- What is required: Word for word, retype the lines from the one containing "3足セット キッズ 子供用 靴下 ソックス ハイソックス リブ リボン XL" to the one containing "A homlokzatra anarchista" below, keeping both end lines and dropping the pictures.

- Data under study:
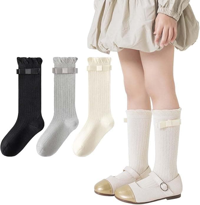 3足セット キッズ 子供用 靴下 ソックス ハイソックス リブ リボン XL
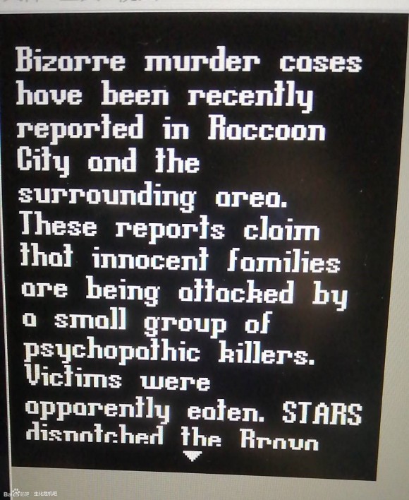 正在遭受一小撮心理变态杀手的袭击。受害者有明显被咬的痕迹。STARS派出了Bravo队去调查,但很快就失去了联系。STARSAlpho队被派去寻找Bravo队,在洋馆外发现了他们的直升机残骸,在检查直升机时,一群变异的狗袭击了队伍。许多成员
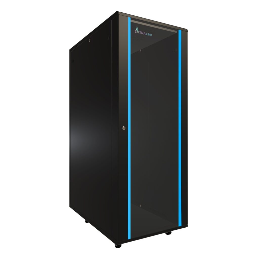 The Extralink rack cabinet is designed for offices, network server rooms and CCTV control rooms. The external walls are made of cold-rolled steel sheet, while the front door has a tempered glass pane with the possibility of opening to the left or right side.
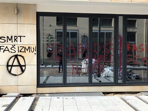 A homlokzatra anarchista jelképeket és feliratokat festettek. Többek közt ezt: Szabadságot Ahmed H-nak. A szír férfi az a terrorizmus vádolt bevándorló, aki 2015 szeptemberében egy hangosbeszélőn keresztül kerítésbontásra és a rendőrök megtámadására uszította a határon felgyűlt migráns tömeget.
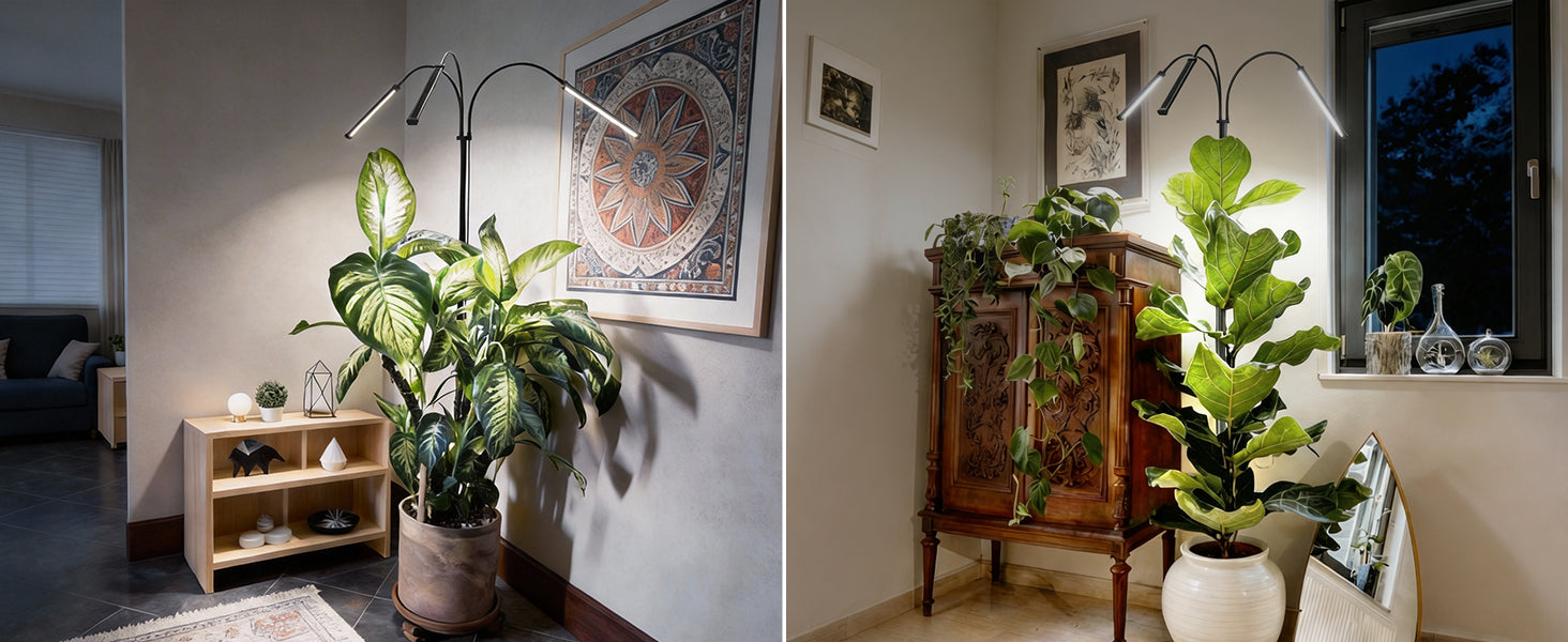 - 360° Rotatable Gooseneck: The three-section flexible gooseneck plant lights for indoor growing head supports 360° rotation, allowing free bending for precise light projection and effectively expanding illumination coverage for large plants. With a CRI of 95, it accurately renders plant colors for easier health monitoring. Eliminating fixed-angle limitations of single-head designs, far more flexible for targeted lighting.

==

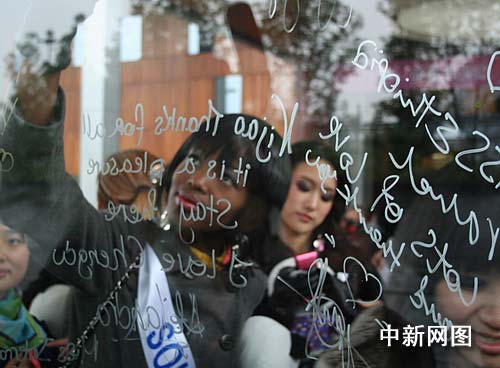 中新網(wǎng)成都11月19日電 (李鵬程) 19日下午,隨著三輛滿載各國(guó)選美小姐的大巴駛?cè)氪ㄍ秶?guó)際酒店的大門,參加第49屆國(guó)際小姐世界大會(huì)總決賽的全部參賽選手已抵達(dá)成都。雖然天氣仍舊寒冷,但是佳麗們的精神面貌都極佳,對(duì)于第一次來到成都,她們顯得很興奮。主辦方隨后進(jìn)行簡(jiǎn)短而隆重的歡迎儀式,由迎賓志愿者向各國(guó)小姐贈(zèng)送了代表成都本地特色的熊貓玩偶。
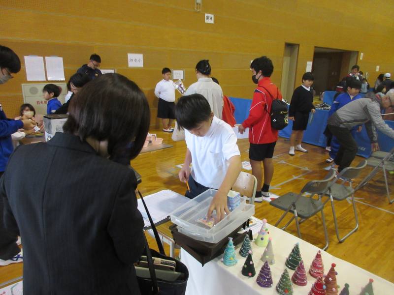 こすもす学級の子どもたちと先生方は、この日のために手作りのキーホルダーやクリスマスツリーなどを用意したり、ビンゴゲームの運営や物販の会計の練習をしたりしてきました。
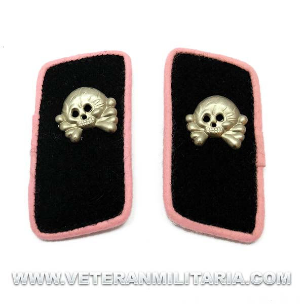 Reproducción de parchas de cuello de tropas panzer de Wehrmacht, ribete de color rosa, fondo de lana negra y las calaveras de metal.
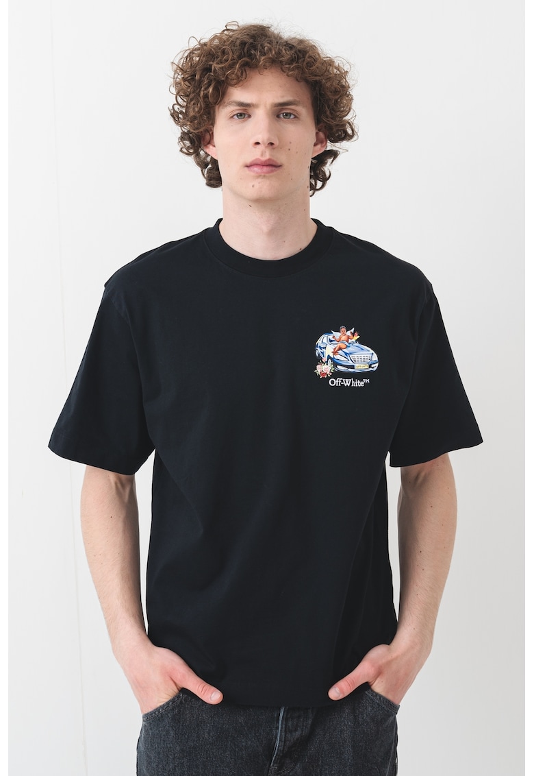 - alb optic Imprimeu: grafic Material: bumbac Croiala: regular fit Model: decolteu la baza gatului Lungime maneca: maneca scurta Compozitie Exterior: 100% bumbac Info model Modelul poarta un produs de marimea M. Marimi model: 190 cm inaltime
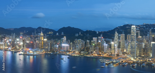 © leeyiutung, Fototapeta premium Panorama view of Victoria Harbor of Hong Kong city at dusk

- Answer area:
 3足セット キッズ 子供用 靴下 ソックス ハイソックス リブ リボン XL
 正在遭受一小撮心理变态杀手的袭击。受害者有明显被咬的痕迹。STARS派出了Bravo队去调查,但很快就失去了联系。STARSAlpho队被派去寻找Bravo队,在洋馆外发现了他们的直升机残骸,在检查直升机时,一群变异的狗袭击了队伍。许多成员
 The Extralink rack cabinet is designed for offices, network server rooms and CCTV control rooms. The external walls are made of cold-rolled steel sheet, while the front door has a tempered glass pane with the possibility of opening to the left or right side.
 A homlokzatra anarchista jelképeket és feliratokat festettek. Többek közt ezt: Szabadságot Ahmed H-nak. A szír férfi az a terrorizmus vádolt bevándorló, aki 2015 szeptemberében egy hangosbeszélőn keresztül kerítésbontásra és a rendőrök megtámadására uszította a határon felgyűlt migráns tömeget.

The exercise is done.